Let's look at some simple examples of how to do things in numpy and equivalently in pandas:

In [5]:
import numpy as np
import time

start = time.time()
vector_one = np.array([1, 4, 7])
vector_two = np.array([2, 4, 6])

print("Result", np.matmul(vector_one, vector_two.T))
print("took ", time.time() - start, "seconds")

Result 60
took  0.00042819976806640625 seconds


In [6]:
import pandas as pd

start = time.time()
series_one = pd.Series(vector_one)
series_two = pd.Series(vector_two)

print("Result", series_one.dot(series_two.T))
print("took", time.time() - start, "seconds")

Result 60
took 0.0012764930725097656 seconds


As you can see the numpy version is an entire order of magnitude faster.  But the pandas version is a little bit easier to read.

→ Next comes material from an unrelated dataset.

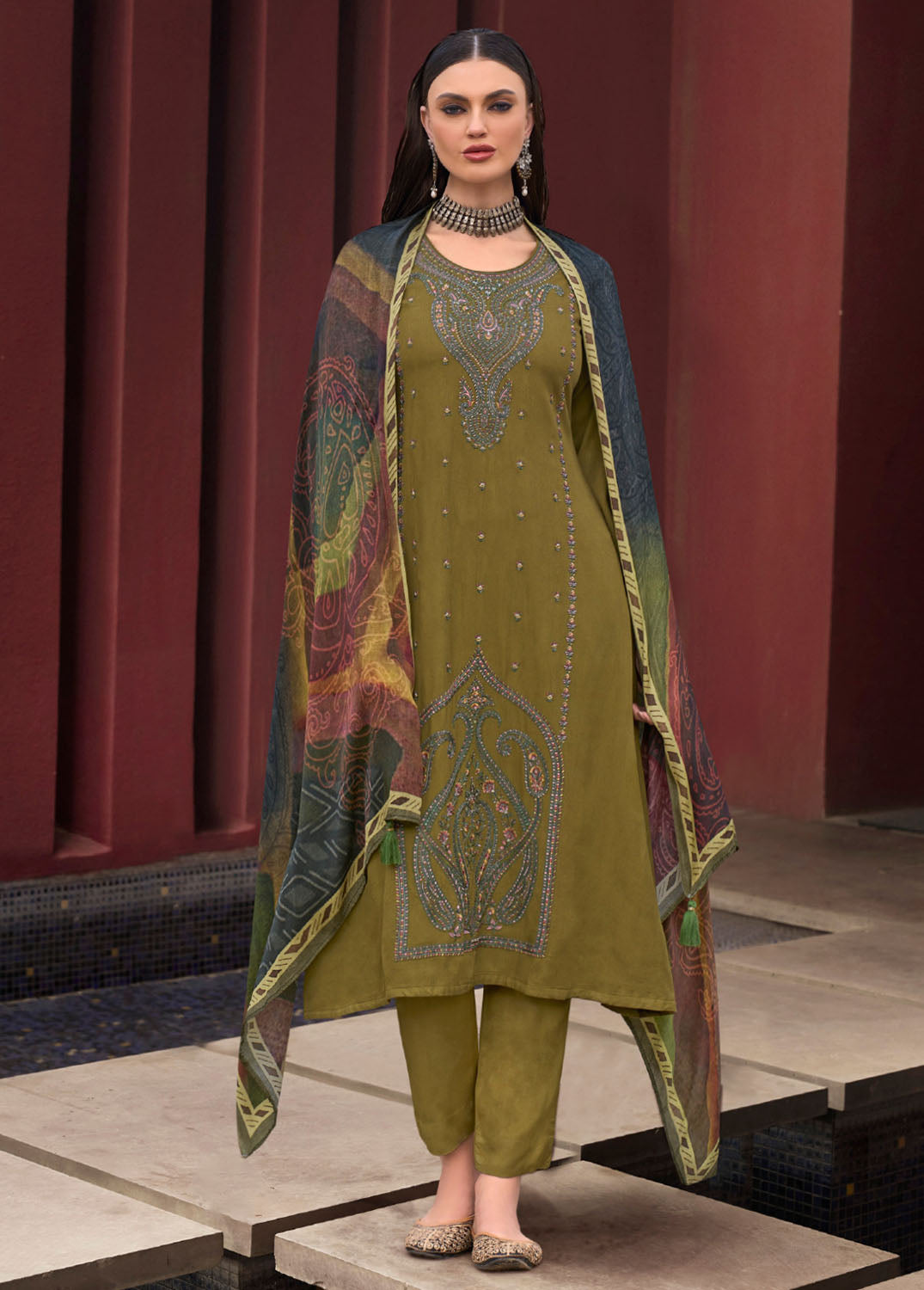 - Dupatta: Bemberg Gajji Digital Printed with Tassels

Next let's look at how to slice pandas versus numpy data structures:

In [10]:
array = np.random.normal(0, 1, size=10000)

start = time.time()
print("Result", len(array[array > 0.5])/len(array))
print("took", time.time() - start, "seconds")

Result 0.3196
took 0.0003104209899902344 seconds


In [11]:
series = pd.Series(array)

start= time.time()
print("Result", len(series[series > 0.5])/len(array))
print("took", time.time() - start, "seconds")

Result 0.3196
took 0.0016829967498779297 seconds


So as you can see, numpy flatly beats pandas for speed.  However, there are two ways in which pandas is the better choice.  First, look at the number of public methods associated with a pandas Series versus a numpy order 1 tensor:

In [12]:
numpy_methods = [method for method in dir(array) if "_" not in method]
pandas_methods = [method for method in dir(series) if "_" not in method]
print(len(numpy_methods))
print(len(pandas_methods))

71
158


It should be clear, that you can just do _a lot_ more with a pandas series out of the box than a numpy order 1 tensor.  While this isn't always a good thing, it's worth keeping in mind the strengths and deficiencies of both frameworks.

## Pandas Indexes

Pandas dataframe come equipped with three indexes:
* an index for columns
* an index for rows
* an ordering for rows that serves as in implicit index.

The third index is the least forward without an example, and we'll look at it soon.

Let's look at a motivating example for the rows and columns first:

In [14]:
import pandas as pd

supply_matrix = np.random.rand(3,3) * 100
demand_vector = np.random.rand(3) * 100

df = pd.DataFrame(supply_matrix)
df.columns = ["Manufacturing", "Technology", "Real Estate"]
df

Unnamed: 0,Manufacturing,Technology,Real Estate
0,15.733845,54.994273,26.636739
1,39.737975,14.633238,27.060675
2,99.48918,84.865771,62.413707


As you can see the columns are listed above the dataframe's data and give us information how each column is semantically named.  If you've ever seen an excel spreadsheet, a database table or a CSV, this is carries the same meaning.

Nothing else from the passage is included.